◆ **PROBLEM DETAILS**
Only the pictures are to be dropped, and the rest of the data should be copied exactly.

◆ **DATA**
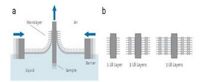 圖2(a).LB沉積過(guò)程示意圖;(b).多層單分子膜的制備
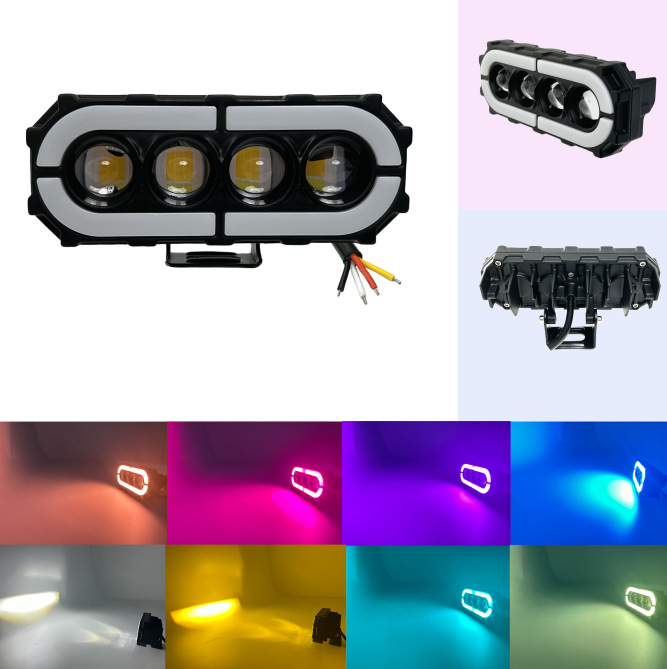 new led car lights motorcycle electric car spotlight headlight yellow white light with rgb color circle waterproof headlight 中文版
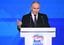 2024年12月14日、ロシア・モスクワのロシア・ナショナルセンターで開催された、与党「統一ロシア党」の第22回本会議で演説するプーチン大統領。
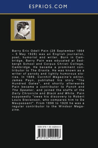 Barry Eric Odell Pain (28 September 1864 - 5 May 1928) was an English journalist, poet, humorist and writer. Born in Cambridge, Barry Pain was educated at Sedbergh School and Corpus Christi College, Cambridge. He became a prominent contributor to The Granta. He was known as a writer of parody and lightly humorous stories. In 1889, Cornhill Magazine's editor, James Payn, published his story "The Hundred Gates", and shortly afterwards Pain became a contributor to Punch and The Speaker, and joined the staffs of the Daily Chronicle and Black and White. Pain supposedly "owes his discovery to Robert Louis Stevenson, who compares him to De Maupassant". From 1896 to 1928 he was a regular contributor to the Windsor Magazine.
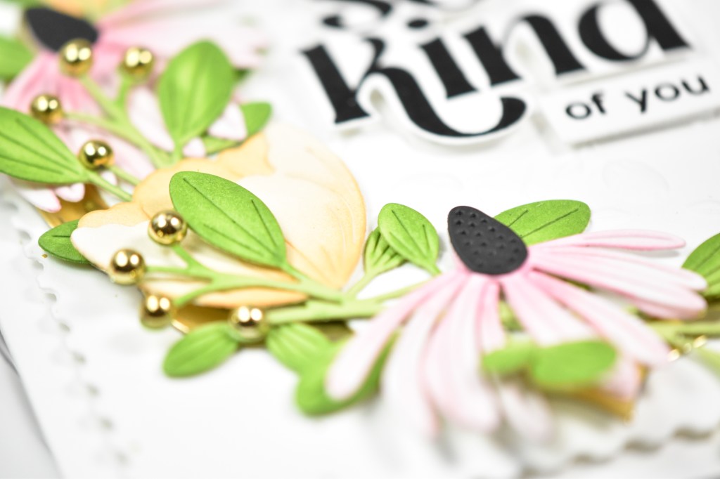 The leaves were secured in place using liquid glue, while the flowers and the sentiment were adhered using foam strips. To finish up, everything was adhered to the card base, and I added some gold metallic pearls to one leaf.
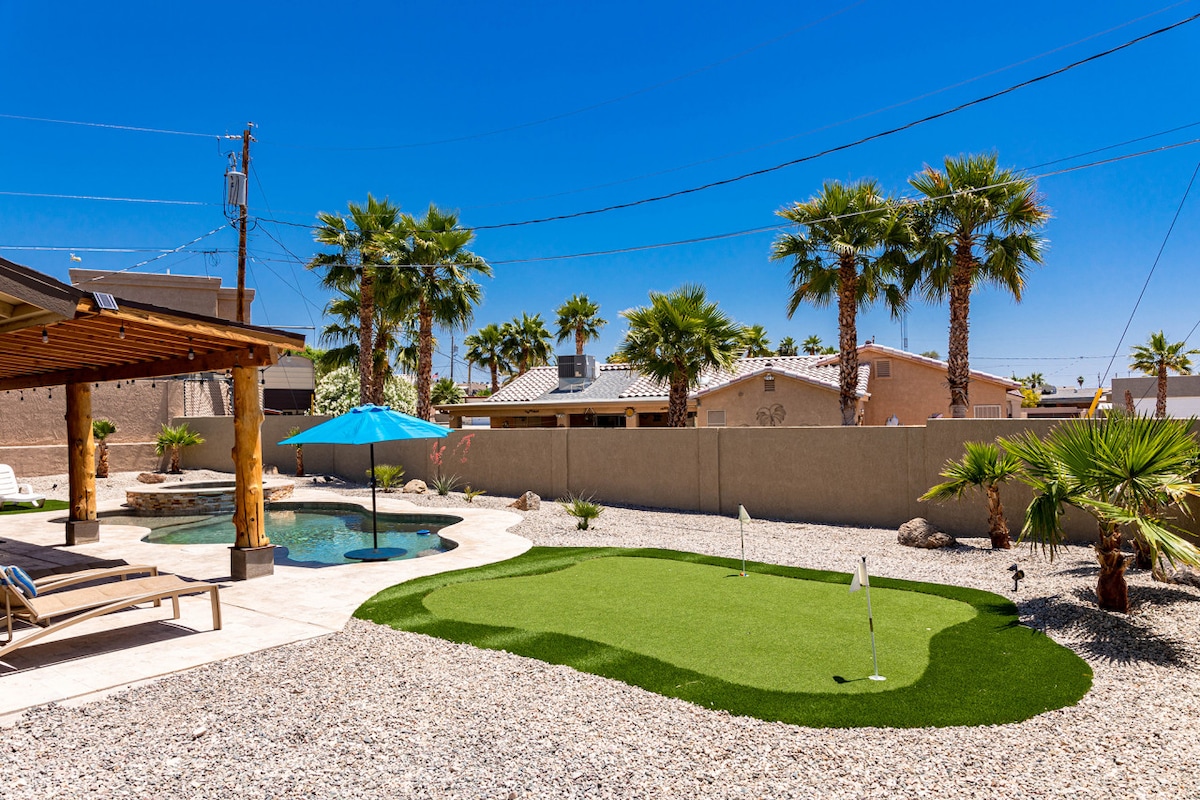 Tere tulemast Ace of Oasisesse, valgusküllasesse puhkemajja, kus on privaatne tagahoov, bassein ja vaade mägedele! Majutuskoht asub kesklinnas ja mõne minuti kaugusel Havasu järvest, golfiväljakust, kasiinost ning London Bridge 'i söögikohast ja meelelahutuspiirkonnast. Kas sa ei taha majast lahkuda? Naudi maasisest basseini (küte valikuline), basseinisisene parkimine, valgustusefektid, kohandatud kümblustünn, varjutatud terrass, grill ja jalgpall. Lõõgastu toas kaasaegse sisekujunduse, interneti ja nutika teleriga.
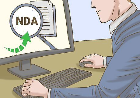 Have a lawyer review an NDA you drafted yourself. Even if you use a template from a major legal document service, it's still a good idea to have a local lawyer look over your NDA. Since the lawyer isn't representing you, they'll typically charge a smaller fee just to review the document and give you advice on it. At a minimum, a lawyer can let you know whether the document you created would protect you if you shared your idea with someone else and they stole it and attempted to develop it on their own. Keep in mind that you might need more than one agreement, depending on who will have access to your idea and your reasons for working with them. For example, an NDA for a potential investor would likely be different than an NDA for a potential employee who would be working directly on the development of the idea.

◆ **REPLY TO THE EXERCISE**
 圖2(a).LB沉積過(guò)程示意圖;(b).多層單分子膜的制備
 new led car lights motorcycle electric car spotlight headlight yellow white light with rgb color circle waterproof headlight 中文版
 2024年12月14日、ロシア・モスクワのロシア・ナショナルセンターで開催された、与党「統一ロシア党」の第22回本会議で演説するプーチン大統領。
 Barry Eric Odell Pain (28 September 1864 - 5 May 1928) was an English journalist, poet, humorist and writer. Born in Cambridge, Barry Pain was educated at Sedbergh School and Corpus Christi College, Cambridge. He became a prominent contributor to The Granta. He was known as a writer of parody and lightly humorous stories. In 1889, Cornhill Magazine's editor, James Payn, published his story "The Hundred Gates", and shortly afterwards Pain became a contributor to Punch and The Speaker, and joined the staffs of the Daily Chronicle and Black and White. Pain supposedly "owes his discovery to Robert Louis Stevenson, who compares him to De Maupassant". From 1896 to 1928 he was a regular contributor to the Windsor Magazine.
 The leaves were secured in place using liquid glue, while the flowers and the sentiment were adhered using foam strips. To finish up, everything was adhered to the card base, and I added some gold metallic pearls to one leaf.
 Tere tulemast Ace of Oasisesse, valgusküllasesse puhkemajja, kus on privaatne tagahoov, bassein ja vaade mägedele! Majutuskoht asub kesklinnas ja mõne minuti kaugusel Havasu järvest, golfiväljakust, kasiinost ning London Bridge 'i söögikohast ja meelelahutuspiirkonnast. Kas sa ei taha majast lahkuda? Naudi maasisest basseini (küte valikuline), basseinisisene parkimine, valgustusefektid, kohandatud kümblustünn, varjutatud terrass, grill ja jalgpall. Lõõgastu toas kaasaegse sisekujunduse, interneti ja nutika teleriga.
 Have a lawyer review an NDA you drafted yourself. Even if you use a template from a major legal document service, it's still a good idea to have a local lawyer look over your NDA. Since the lawyer isn't representing you, they'll typically charge a smaller fee just to review the document and give you advice on it. At a minimum, a lawyer can let you know whether the document you created would protect you if you shared your idea with someone else and they stole it and attempted to develop it on their own. Keep in mind that you might need more than one agreement, depending on who will have access to your idea and your reasons for working with them. For example, an NDA for a potential investor would likely be different than an NDA for a potential employee who would be working directly on the development of the idea.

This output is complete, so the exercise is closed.